A filosofia é similar à do passaporte biológico: observar a evolução de um atleta durante longos períodos de tempo para detectar comportamentos que mereçam uma investigação mais profunda.
A ITA também explicou que o sistema estará centrado principalmente nos dados coletados durante as competições e que a análise estudará como evoluem os desempenhos de cada corredor ao longo dos anos.
Primeira fase com dados históricos
O projeto ainda se encontra em uma fase preliminar. Durante o primeiro ano, os pesquisadores estão analisando dados históricos dos corredores para verificar se é possível construir um modelo confiável.
Somente se os resultados forem suficientemente sólidos, passará para uma segunda fase utilizando dados em tempo real das temporadas atuais.
Os pesquisadores estão estudando questões tão complexas como as diferenças entre medidores de potência, erros de calibração, especialização dos corredores, dinâmicas de corrida ou a relação entre os dados de treinamento e competição.
Um dos conceitos centrais do estudo são as denominadas “atuações excedentes” (excess performances), ou seja, desempenhos que se afastam da evolução esperada de um corredor quando comparados com atletas de características e idades similares.
A ITA defende o projeto
Benjamin Cohen, diretor geral da ITA, defendeu esta semana a iniciativa e lembrou que os dados de potência fazem parte do debate antidopagem no ciclismo há anos.
“Os dados de potência fazem parte da conversa no ciclismo há muitos anos. São uma das ferramentas de desempenho mais utilizadas neste esporte, mas até agora sua potencial contribuição à luta antidopagem mal foi explorada”.
Cohen acrescentou: “Graças ao compromisso dos corredores, das equipes e de especialistas reconhecidos, agora temos a oportunidade de avaliar esse potencial por meio de um processo científico estruturado e determinar se pode complementar de forma significativa as ferramentas antidopagem no futuro”.
Um projeto que continua gerando rejeição entre os corredores
A confirmação de que várias equipes já participam do ensaio chega apenas alguns meses depois das duras críticas feitas por Adam Hansen no podcast Domestique Hotseat.

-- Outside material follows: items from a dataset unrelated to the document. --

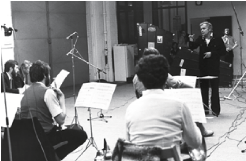
La leçon de musique, Ircam, 1978
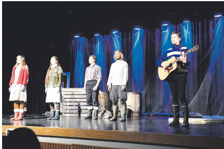
Meriteatterin Laulu on meren laulu -esitys.

Koivistolaisuus on Salokanteleelle mielentila. Se on myös muistoja, sukulaisuutta, kaipuuta
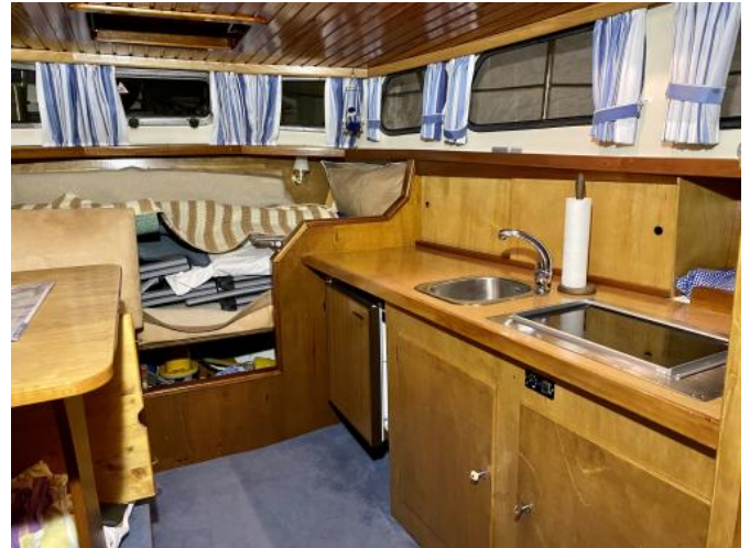
Bugkabine Ansicht 2
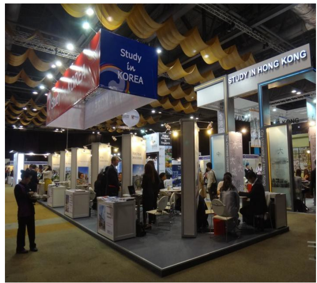
圖 6 韓國展示攤位
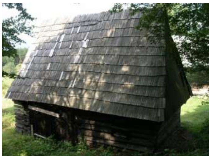
6 hosp. objekt č.1, pohľad na východnú fasádu
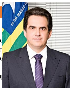
Membro titular da Comissão

Sovel da Amazonia LTDA ; Partido Social Democratico-psd Diretório Nacional; Office Informatica LTDA; Pr Construções e Terraplenagem LTDA.
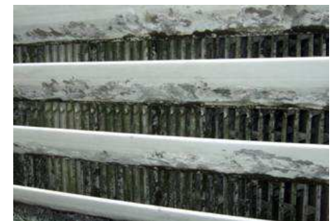
冷却塔充填材の汚れ
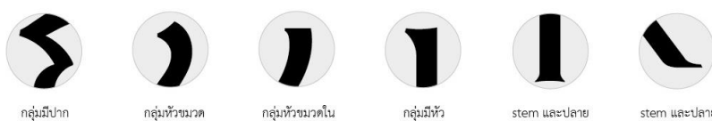
รูปที่ 2 รูปแบบองค์ประกอบอัตลักษณ์ตัวพิมพ์ศรีสุริยวงศ์

องค์ประกอบอัตลักษณ์ตัวอักษรทั้งไทยและละติน หรือเรียกว่าอีกอย่างหนึ่งว่า Visual Gramma หมายถึงชิ้นส่วนที่ใช้ประกอบกันขึ้นเป็นพยัญชนะต่างๆ เช่น ส่วนหัวอักษร เส้นตั้ง เส้นนอน ปลายหาง เป็นต้น ซึ่งผลการออกแบบขององค์ประกอบอัตลักษณ์ตัวพิมพ์ศรีสุริยวงศ์ ได้รูปแบบดังนี้
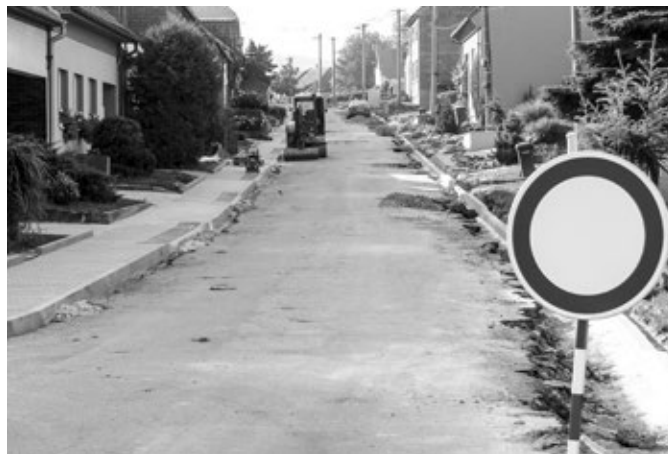
Rekonstrukce ulice Kaunicova, v průběhu

Então, o presidente da CPA foi categórico:
“A posição da CPA é muito clara: estamos 100% contra isso e também os corredores”.
Hansen questionava especialmente o que aconteceria quando um corredor não pudesse entregar seus dados por falhas técnicas, erros de sincronização ou problemas com os dispositivos, além de alertar sobre a dificuldade de interpretar os dados de potência de forma isolada em um esporte onde intervêm múltiplos fatores fisiológicos e de treinamento.
Por enquanto, a ITA insiste que se trata apenas de um estudo científico de viabilidade. No entanto, o próprio organismo reconhece que, se os resultados forem satisfatórios e posteriormente receberem a aprovação da UCI, o regulamento poderá ser modificado para tornar obrigatória a entrega de dados de potência por parte de todos os ciclistas profissionais masculinos.
O que há alguns meses parecia uma proposta teórica já está sendo testada com corredores do WorldTour. A questão agora é se esses milhões de dados gerados pelos medidores de potência acabarão se tornando uma nova peça do sistema antidopagem do ciclismo profissional.